We have a random variable $g$ which I write as $g=f+\varepsilon$, $f$ plus noise.
The data points are a subset of the plane, $n$ trials of $g$, the (possibly multi)-set $T:=\{(x_i,g(x_i)):i=1,\dots,n\}$.
I imagine (incorrectly as I know that splines are not polynomials) that the yellow curve is a degree one polynomial (flexibility two) that is the best LS fit to the the trials (the training), the blue is the best degree five polynomial (flexibility six), and the green is the best degree $(20+\alpha)$ polynomial (flexibility $20+\alpha+1$).
In my head, the training should be the data points $T$, while the test should be $f$ (as in $f$ is the expectation of the test data).
I understand that the grey line is telling me that increasing the flexibility (degree of the polynomials in my head), allows me to approximate better the set $T$. However, if I have duplicates of $x$ in $T$, say $x_j=x_k=x^*$, with different $g$ values (e.g. something like $(20,3),\,(20,5)$ both in $T$), then I cannot have a polynomial (or indeed spline or any function) $p$ that has $p(x_j)$ and $p(x_k)$ different: $p(x_j)=p(x_k)=p(x^*)$, single-valued.
Therefore, if I have such duplications in the $x$ variable, I cannot reduce the MSE to zero.
In turn, the red line shows, that when we overfit the data with too much flexibility, the fitted curve is (my usage) biased to the training and so will not model well $f$, and so we have this increasing.
The problem I can't square (excuse the pun), is the dashed line.
It says minimum possible test MSE over all models.
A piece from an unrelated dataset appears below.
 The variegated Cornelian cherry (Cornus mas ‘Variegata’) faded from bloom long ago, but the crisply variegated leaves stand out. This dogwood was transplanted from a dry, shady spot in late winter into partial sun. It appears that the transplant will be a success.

Whether 'test' refers to $f$ or $T$ this does not make sense to me.
If 'test' here means $f$, well surely this is zero? We can approximate $f$ arbitrarily well with a polynomial of large enough degree.
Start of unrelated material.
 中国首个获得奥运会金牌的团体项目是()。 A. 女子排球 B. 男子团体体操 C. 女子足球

If 'test' here means the data $T$, we must conclude that $T$ contains $x$ duplicates: otherwise we could fit a polynomial of degree $n+1$ through all the test points and get this to zero. Therefore there must be duplicates, and so, perhaps, this theoretically best fit goes through all the points which are not duplicated, and goes through the average $g(x_i)$ of the duplicated points... and the answer turns out to be one... but then the grey line should not go below this...
Therefore I conclude that the dashed line is the best possible fit to $f$... but why isn't this zero?
Questions:
Am I right to be confused by this? Is the black $f$ the test or the training?
Am I misunderstanding something else? Perhaps these (smoothing) splines cannot well-approximate as well as polynomials?